= Description of the task =
When copying the listing below, skip every picture and repeat exactly the lines from the first one through the line that contains "作り方のベースはストロベリー".

= Provided material =
*-*-*

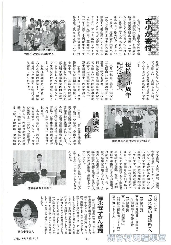 6月17日、読谷中学校の27期会(知花菊冶会長)が読谷中学校を訪れ、「母校の創立50周年記念事業に役立ててほしい」と同記念事業期成会の山内昌源会長に211,331円を手渡し。
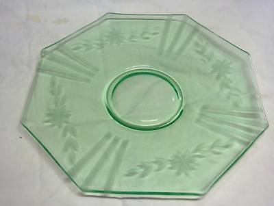 GREEN DEPRESSION GLASS OCTAGON SHAPE SERVING PLATE 10"
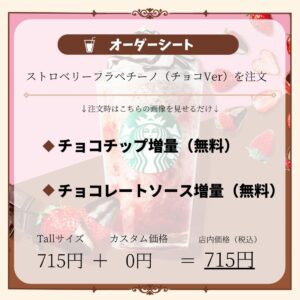 作り方のベースはストロベリーフラペチーノにチョコチップと、チョコソースを追加するだけになります。
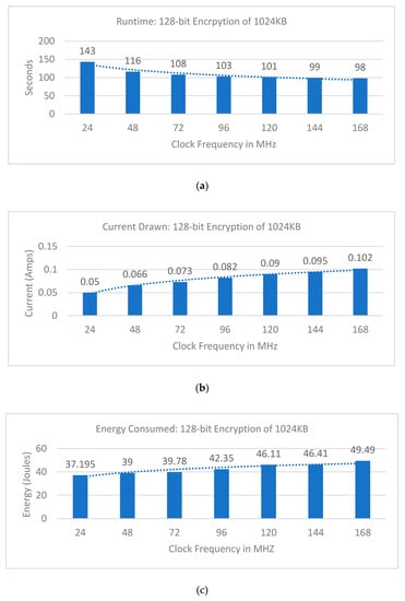 The first set of performance data collected explored the impact of system clock frequency on the task runtime and system current drawn. For consistency these results only include data for a text file size of 1024 Kilobytes. Figure 5 below illustrates graphs that incorporate runtime, current and power for each clock speed. It can be observed from Figure 5a that the benefit of shorter runtime by running the system clock frequency started to diminish from a 96 MHz onwards, yielding minimal runtime saving. The maximum runtime saving is achieved from 24 MHz to 48 MHz. Figure 5b shows the approximately linear relation in the current drawn by the system with various frequencies. Figure 5c shows the total energy consumed under each frequency setting, which again shows linear relationship. Based on these data, user can select the desired runtime to encrypt sensor data based on the absolute performance required, by prioritizing either on minimal run-time or energy consumption.

*-*-*

= Answer space =
 6月17日、読谷中学校の27期会(知花菊冶会長)が読谷中学校を訪れ、「母校の創立50周年記念事業に役立ててほしい」と同記念事業期成会の山内昌源会長に211,331円を手渡し。
 GREEN DEPRESSION GLASS OCTAGON SHAPE SERVING PLATE 10"
 作り方のベースはストロベリーフラペチーノにチョコチップと、チョコソースを追加するだけになります。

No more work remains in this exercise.